Exclude the pictures and set down, unaltered, the lines from the one that holds "Bellissima medaglia Miracolosa" through the end of the data.

=====

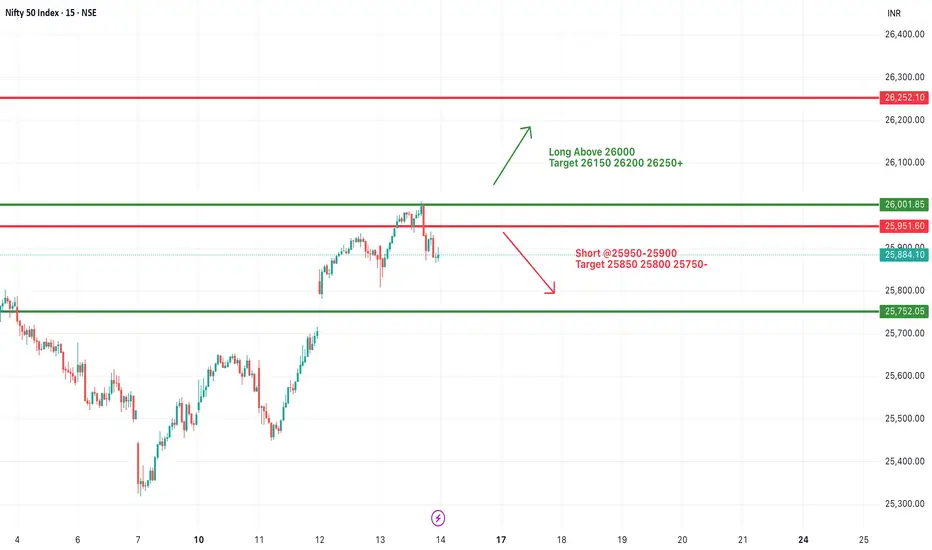 If Nifty sustains above 26,000, upside strength can continue toward 26,150, 26,200, and 26,250+. A breakout above 26,000 will act as the primary confirmation for long positions, indicating fresh buyer momentum.
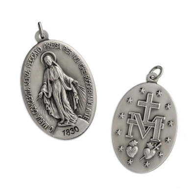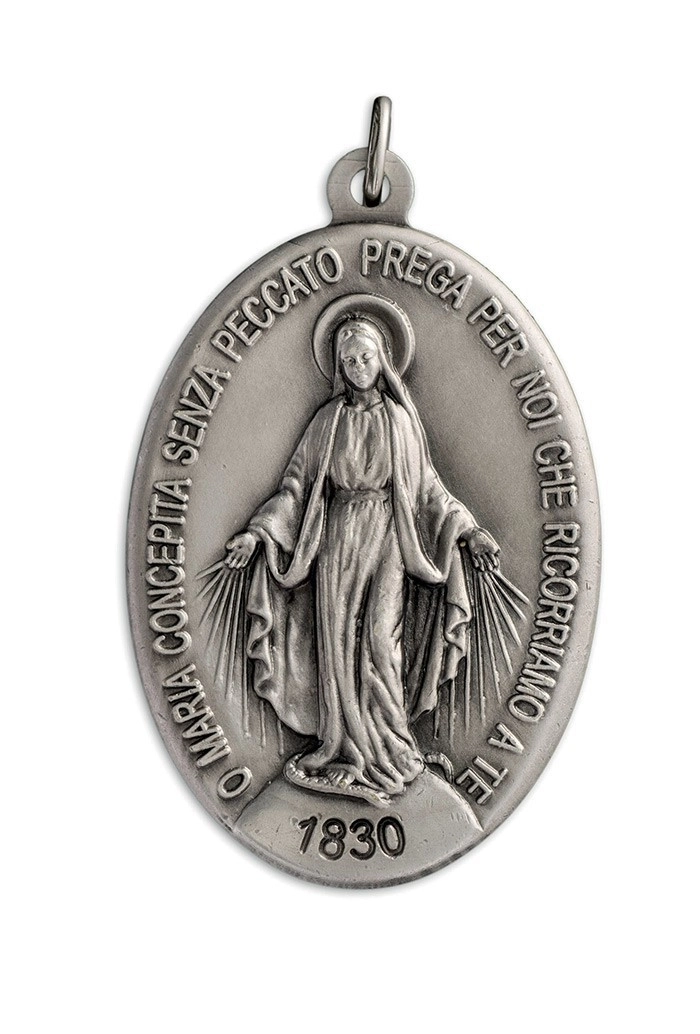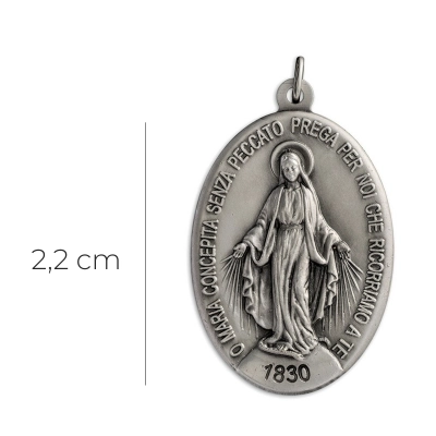 Bellissima medaglia Miracolosa in argento 925, dal peso di 4,3 gr. e altezza di 2,2 cm, riprodotta fedelmente come l'originale, così come apparsa alla veggente Santa Caterina de Labourè nel 1830 a Rue de Bac. La scritta nella parte frontale è in lingua italiana e riporta la seguente frase "O Maria concepita senza peccato prega per noi che ricorriamo a te". La medaglia è dotata di anellino per poter essere appesa ad una catenina ed indossata al collo (catenina non inclusa). La medaglia è estremamente dettagliata e rifinita con cura. Realizzata appositamente per Editrice Shalom, che ne ha seguito direttamente tutta la lavorazione, dalla scultura in plastilina fino alla realizzazione del primo modello. Rigorosamente ideata e prodotto in Italia da un'azienda artigianale e leader nella produzione di medaglie.
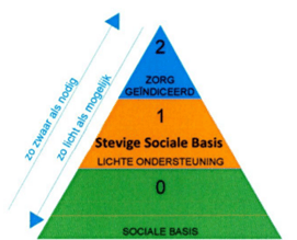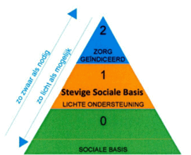 Onderstaand plaatje van de gemeente Haarlemmermeer visualiseert het zorg- en welzijnsveld als een piramidestructuur.[2] Actieve burgers en eerstelijns-professionals vormen een brede sociale basis, de zwaardere specialistische zorg vormt de top (zie figuur 2). De opgave is zoveel mogelijk binnen de onderkant van de piramide op te lossen.
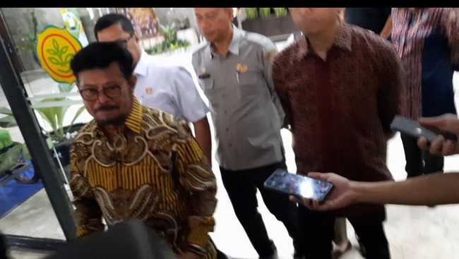 SYL langsung masuk ke mobil. Dia kemudian pergi meninggalkan area Kementan.
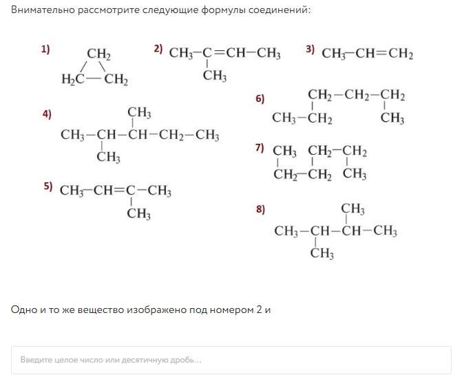 1. Одно и то же вещество под цифрами 2 и 5. Это 2-метилбутен-2.
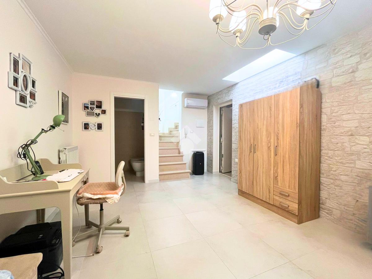 La tavernetta è direttamente collegata a un box auto di circa 25 mq, dotato di attacco per la cucina, elemento che rende l’immobile particolarmente funzionale e versatile.
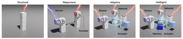 研究人員認為,可以通過用分層的方式定義人工物質的智能。比如,通過結合四個關鍵功能元件來實現(xiàn)智能物質:(1)傳感器與環(huán)境交互并接收輸入和反饋;(2)執(zhí)行器對輸入信號做出響應并調整材料的性能;(3) 用于長期存儲信息的存儲器;(4)用于處理反饋的通信網(wǎng)絡。
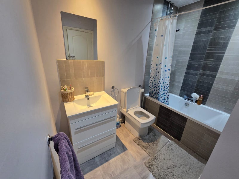 - Clean bathroom with shower over bath
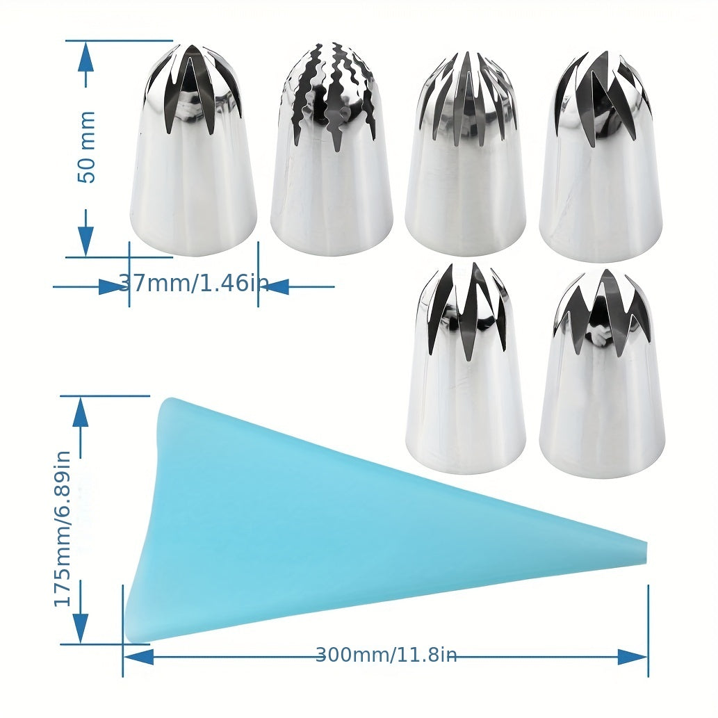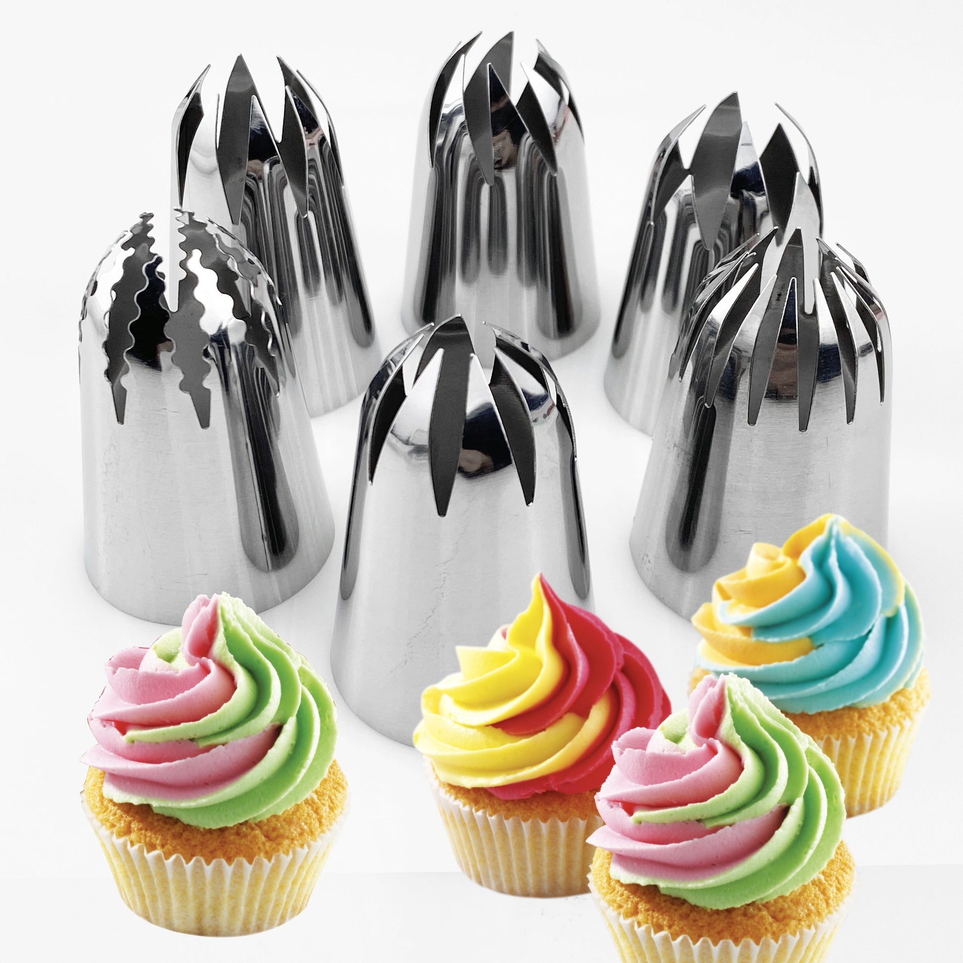 Шесть штук больших насадок для отбивки (3,68 см) из нержавеющей стали для украшения тортов, кексов, печенья и пирожных. Включает бесплатный кондитерский мешок. Идеально подходит для выпечки и удобных кухонных принадлежностей.

=====

- [Task response]:
 Bellissima medaglia Miracolosa in argento 925, dal peso di 4,3 gr. e altezza di 2,2 cm, riprodotta fedelmente come l'originale, così come apparsa alla veggente Santa Caterina de Labourè nel 1830 a Rue de Bac. La scritta nella parte frontale è in lingua italiana e riporta la seguente frase "O Maria concepita senza peccato prega per noi che ricorriamo a te". La medaglia è dotata di anellino per poter essere appesa ad una catenina ed indossata al collo (catenina non inclusa). La medaglia è estremamente dettagliata e rifinita con cura. Realizzata appositamente per Editrice Shalom, che ne ha seguito direttamente tutta la lavorazione, dalla scultura in plastilina fino alla realizzazione del primo modello. Rigorosamente ideata e prodotto in Italia da un'azienda artigianale e leader nella produzione di medaglie.
 Onderstaand plaatje van de gemeente Haarlemmermeer visualiseert het zorg- en welzijnsveld als een piramidestructuur.[2] Actieve burgers en eerstelijns-professionals vormen een brede sociale basis, de zwaardere specialistische zorg vormt de top (zie figuur 2). De opgave is zoveel mogelijk binnen de onderkant van de piramide op te lossen.
 SYL langsung masuk ke mobil. Dia kemudian pergi meninggalkan area Kementan.
 1. Одно и то же вещество под цифрами 2 и 5. Это 2-метилбутен-2.
 La tavernetta è direttamente collegata a un box auto di circa 25 mq, dotato di attacco per la cucina, elemento che rende l’immobile particolarmente funzionale e versatile.
 研究人員認為,可以通過用分層的方式定義人工物質的智能。比如,通過結合四個關鍵功能元件來實現(xiàn)智能物質:(1)傳感器與環(huán)境交互并接收輸入和反饋;(2)執(zhí)行器對輸入信號做出響應并調整材料的性能;(3) 用于長期存儲信息的存儲器;(4)用于處理反饋的通信網(wǎng)絡。
 - Clean bathroom with shower over bath
 Шесть штук больших насадок для отбивки (3,68 см) из нержавеющей стали для украшения тортов, кексов, печенья и пирожных. Включает бесплатный кондитерский мешок. Идеально подходит для выпечки и удобных кухонных принадлежностей.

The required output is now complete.